Institutions stand to benefit
According to Stonberg, S&P DJI’s latest move essentially entails the trading of digital/tokenized assets in the format of a traditional equity product that trades during standard trading hours. To put it simply, it’s a way to get institutional equity money indirectly into the crypto space — a process of convergence between traditional and crypto financial markets, which will most likely take a few years to play out.
On the subject, Anton Churyumov, founder of Obyte — a distributed ledger based on directed acyclic graph technology — told Cointelegraph that institutions will always chase everything that makes money for them and their clients, adding:
“With crypto indexes, the asset class becomes better recognized and easier to sell to clients. Maybe even more importantly, with DeFi, crypto now has a much wider choice of instruments that appeal to different investors, for example, there are now ‘stable+’ coins for more conservative investors.”
Jack Tao, CEO of Phemex — a cryptocurrency exchange headed by former Morgan Stanley executives — believes that soon, it will not be surprising to see an explosion of new services and products, making this domain even more appealing to members of the traditional finance sector: “I’m quite confident that these giants will not want to miss the crypto train. This is just the beginning, I expect to see a lot more funds and investment flow in soon.”
Will FOMO prevail?
As crypto continues its long-term price ascent, it’s worth investigating if institutional investors will catch crypto FOMO — the fear of missing out. In this regard, Sarah Austin, head of content for Kava Labs — a decentralized finance firm — told Cointelegraph that according to her sources, over-the-counter desks have seen large inflows from financial institutions.
Related: PayPal’s baby steps into crypto aren’t dampening the hype for adoption
Not only that, as regulation becomes more favorable for the crypto market and as more large players like PayPal, Square and MicroStrategy broadcast their adoption of the asset class, it lends to the argument that the increase in interest has a sound basis. Chris Norris, head of corporate relations for Electroneum, told Cointelegraph:
“I believe that we will see the same FOMO from institutional investors moving forward, as we did from retail investors back in 2017 when Bitcoin and the crypto market reached all-time highs. However, the key difference here is that a new asset class is emerging and the recognition by institutional investors is a sign that we will see new ATHs.”
Lastly, as the use of Ethereum and its associated smart contracts continue to gain traction, it will most likely spur the value of most premier cryptocurrencies in an upward direction, with Austin stating: “With more institutional players in crypto other digital assets could fare better as the crypto space and traditional finance become more aligned.”
What does the future hold for the market?

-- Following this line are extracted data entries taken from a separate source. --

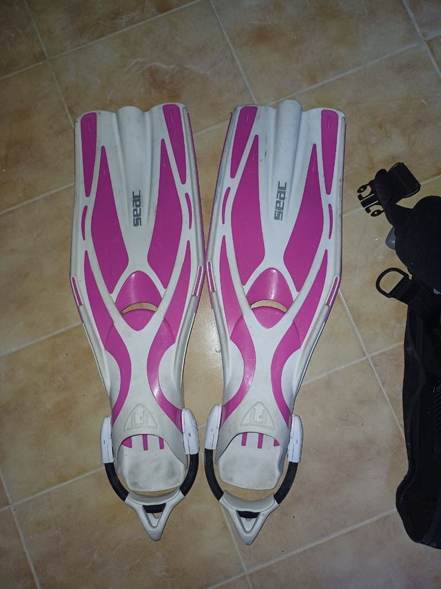 Detalles del productoAletas de buceo de la marca SEAC, en buen estado. Chaleco submarinismo aqualung en buen estado se venden por falta de uso. Se venden juntos al precio indicado y tambien se puede por separado, precio negociable.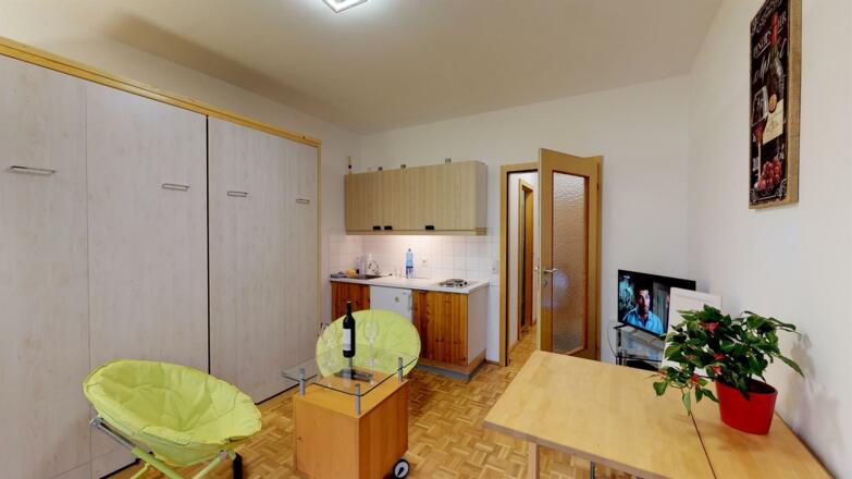 In der Wohnküche befindet sich ein ausklappbares Kastenbett und eine Küchenzeile.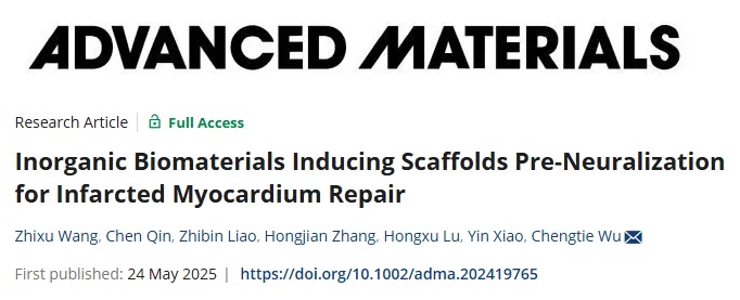 针对上述痛点,中国科学院上海硅酸盐研究所吴成铁研究员团队开发了基于3D生物打印技术的“预神经化”支架。该团队将硅酸锶(SrSiO₃)微粒子与NSCs结合,利用3D打印构建多孔支架,通过Sr²⁺和Si²⁻离子释放诱导NSCs定向分化为成熟神经元,形成具有神经调节功能的活性支架。体内外实验表明,该支架可增强心肌细胞成熟和同步收缩,激活昼夜节律相关基因(如Per2、Usp24)促进心肌修复,改善心梗大鼠心脏功能。相关工作以“Inorganic Biomaterials Inducing Scaffolds Pre㎞euralization for Infarcted Myocardium”为题发表在《Advanced Materials》上。论文第一作者为上海硅酸盐所博士研究生王之栩,通讯作者为吴成铁研究员。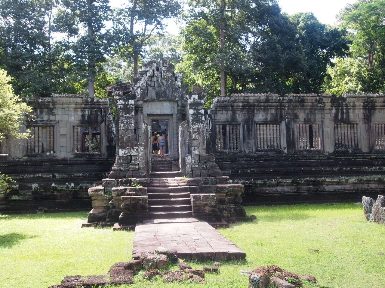 アンコール・トムの象のテラス前の広場を隔ててプラサット・スゥル・プラットの塔群があり、その陰に隠れるようにひっそりと建っています。勝利の門へ至る道を挟んで南北にあって、訪れる人もまばらです。僧院なのか何か儀式を行う場だったのか使途は不明で、屋根は殆ど落ちて壁のみになっています。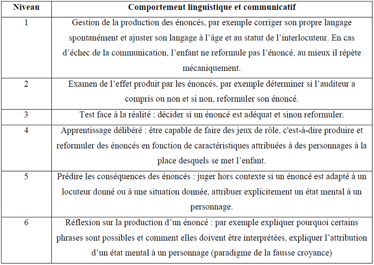 Tableau 3 : Niveaux de compréhension de l’état mental de l’interlocuteur (d’après Bernicot, 1999)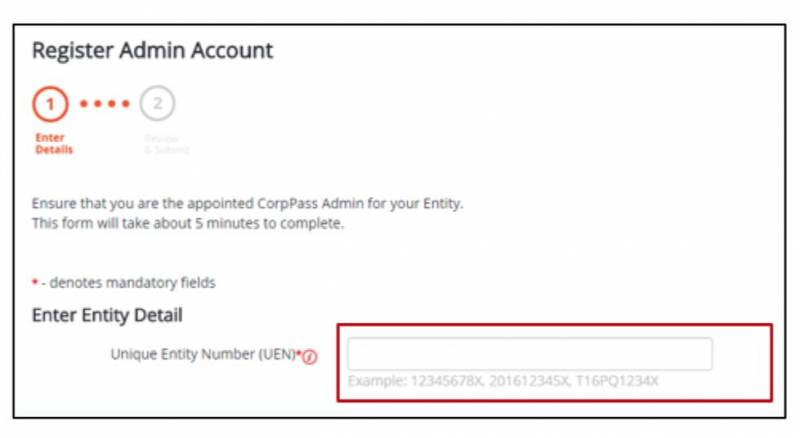 To register a CorpPass Admin account (The Registered Officer is the CorpPass Admin)

Tao believes that in the long term, the value of most crypto assets will continue to soar higher, likely reaching new all-time highs. However, in his view, the price of a digital currency alone cannot be used as an indicator of things to come, adding: “Ultimately what drives things forward is the technology and innovation behind each project. That is what attracts new users and moves the market.”

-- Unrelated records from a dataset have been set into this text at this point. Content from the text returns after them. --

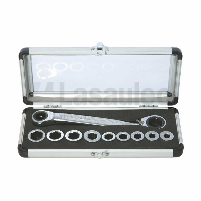 GEARplus® dubbele ratelringsleutelset, 10-delig bestaande uit omschakelbare sleutel voorzien van FlankTraction-Profiel, uitvoering volgens DIN 3110 / ISO 3318 en wordt geleverd in aluminium box.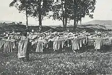 Following organizational shakeup of the party executive in 1934, the new leader Manuel Fal entrusted her with re-modeling the Secciones Femeninas of Comunión Tradicionalista.[76] Female groupings, known as Margaritas, operated as affiliated with local circulos; apart from boosting membership and launching new activities, Urraca was entrusted with turning the organization from very loose federation into a nationwide structure; since the task has never been fully completed she did not assume formal presidency,[77] though some scholars name her de facto leader.[78] Up to 1936 Margaritas recruited 23,000 women,[79] mostly in Valencia, Navarre and Vascongadas.[80] Urraca encouraged them to take courses in nursing (and took it herself),[81] getting ready to the anticipated violent overthrow of the Republic. In 1936 she unsuccessfully run for the parliament again, this time from Teruel.[82] Urraca continued her favorite social activities setting up Socorro Blanco, the Carlist relief organization.[83] In the movement's press she campaigned for Spiritual Crusade of Prayer.[84] In April 1936 she was detained for illegal possession of a pistol[85] but was smuggled out of custody and spent the last few months of peace hiding in a village of Arcos de la Llana near Burgos.[86]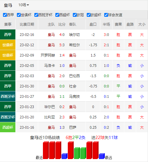 皇马暂时排在积分榜第2位,落后榜首的巴萨8分,依然有逆转夺冠的机会,球队斗志仍在。本赛季皇马的作客发挥不如主场稳健,11战8胜3负,作客场均能打入2球,但丢球也达到1个。利好的是球队近期可谓气势如虹,在世俱杯接连大胜后斩获桂冠,回归联赛又在主场大胜埃尔切,近3场比赛共打入13个进球之多,一举吐清此前作客不敌马洛卡的怨气。更让球队开心的是,伤愈归队的核心本泽马在近2场比赛打入3粒进球,状态上佳。此外维尼修斯、巴尔韦德也是连场进球,连莫德里奇也在上轮打入本赛季第4个联赛进球,为此战增添不少信心。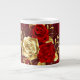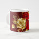 The composition of two artistically painted red roses and one golden rose, decorated with gold, jewel leaves on textured background.
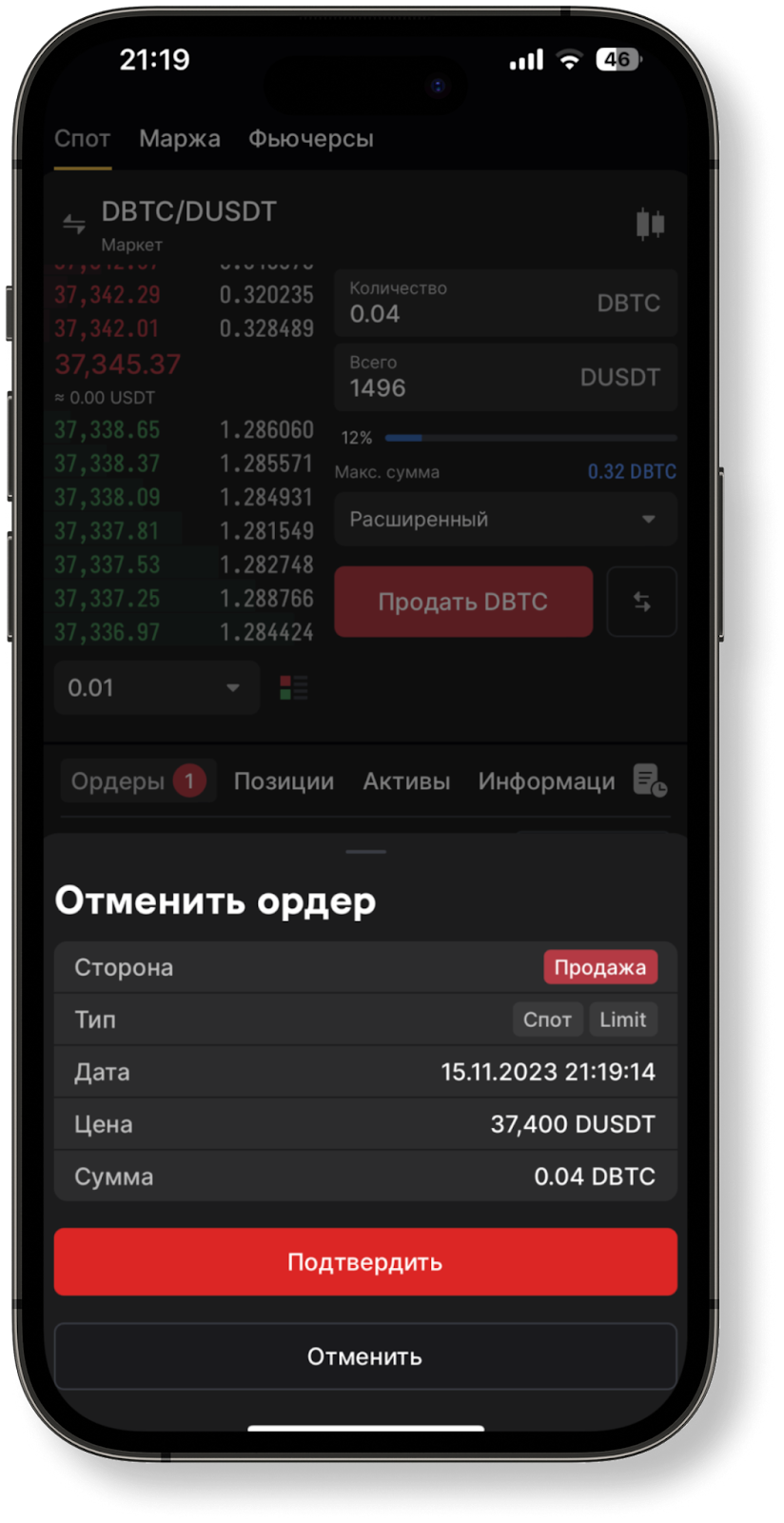 Отменить ордер.

Churyumov believes that while prices may rise significantly in the near term, he isn’t entirely sure of whether or not this trend will continue after the “money printing slows down on the other side of the pandemic.”
Lastly, Norris pointed out that there have been clear indications that most major institutional investors are currently buying BTC and ETH every time the prices dip, which serves as another indicator that they have decided to invest in the crypto market as a long-term strategy.